Thursday, August 29, 2013

Labor Day suddenly controversial?

Despite a unanimous vote, there was a little argument over a symbolic Labor Day resolution passed by the Johnson County supervisors today.

Before the vote, Republican John Etheredge said he would vote for the resolution despite disagreeing with parts of it.

Following the vote Etheredge said the specific language that concerned him was: "unions continue to fuel the growth of our economy and a strng middle class,"

"If you go to a livable wage it doesn't facilitate a persons ability to afford items. In the end the consumer always pays," said Etheredge. "That burden is actually on the taxpayers. We should focus on quality rather than whether it's union or not. I just don't like pitting people against each other, union vs. non-union. It's the person and the people and the work ethic, not whether it's union or not."

"Living wage should not be a controversial issue," said Board chair Janelle Rettig. "You should be able to work 40 hours a week and pay your bills."

"I don't see the things that the clerks and ambulance drivers and sheriff's deputies do as a burden," said Rod Sullivan; "I see it as a benefit."

We went with the cheaper labor at HHS," said Pat Harney, discussing the county building opened in 2008 and built by a non-union firm, "and now we're paying the price for it."

City Federation of Labor President Pat Hughes, accepting the proclamation, said "Because a non-union contractor knows how much union workers earn, they can just care enough off a bid to just slip in.
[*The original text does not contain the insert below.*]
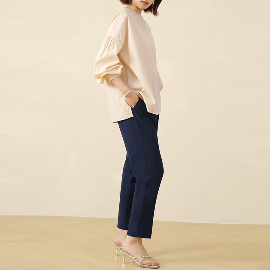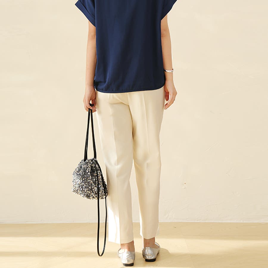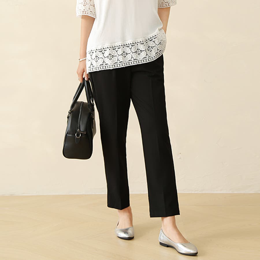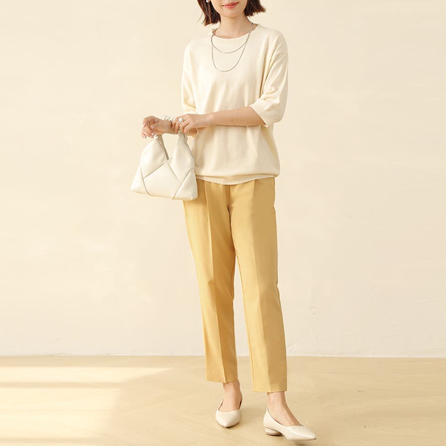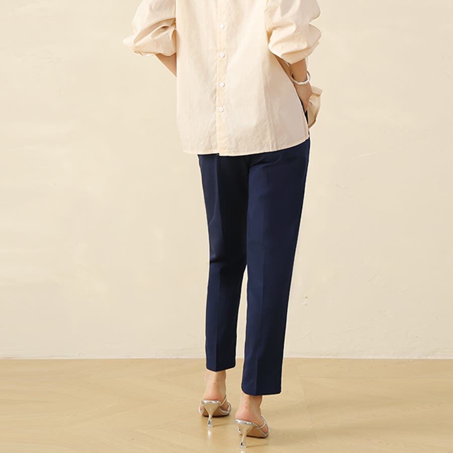 センタープレスがきちんと感を演出して大人っぽく綺麗めなスタイルに仕上げます。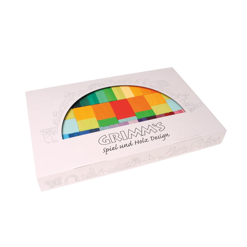 グリムス社のおもちゃは見た人がはっとするほど美しい色彩が特徴です。特に組み立てて完成させる遊びにおいては、カラフルな色彩で遊びの幅が広がっていきます。

The savings are insignificant and the money goes to the boss."

"We think it's our mission to represent all workers, not just union members," said Jesse Case of the Teamsters, noting that union contracts set the wage and benefit standards for non-union labor as well.

Hughes also said wage theft, especially of last checks for a job, is common in Johnson County. "Workers still have to fight for their own justice and dignity."

Full audio of the discussion will be available later in the day. Full text of the proclamation:
WHEREAS, hard-working men and women across Johnson County prove that we are home to the most creative, dynamic, and talented workers in the world, on Labor Day and throughout the year, we celebrate our County's workers; and

WHEREAS, the right to organize and collectively bargain is a fundamental American value.  Since its beginnings, organized labor has raised our living standards and built our middle class.  It is the reason we have child labor laws, 40-hour weeks, weekends, overtime, vacations, the minimum wage, sick leave, parental leave, OSHA, employment nondiscrimination, pensions, Social Security, health insurance, and so much more.  Many Americans today are given opportunities because their parents and grandparents fought for these basic rights and values.  The principles upheld by the honorable laborers of generations past and their unions continue to fuel the growth of our economy and a strong middle class; and

WHEREAS, there is a vigorous fight to protect these rights and values, and on this Labor Day, we reaffirm that collective bargaining is a cornerstone of the American dream.  From public employees -- including SEATS Drivers, Social Workers, Ambulance employees, Clerks, Plow Drivers, Sheriff’s Deputies, and others who perform public services -- to workers in private industries, these men and women hold the power of our Nation in their hands.

NOW, THEREFORE, be it resolved that we, the Johnson County Board of Supervisors, do hereby proclaim Monday, September 2, 2013, as:


and call upon all people of Johnson County to observe this day with appropriate programs, ceremonies, and activities that acknowledge the tremendous contributions of working Americans and their families.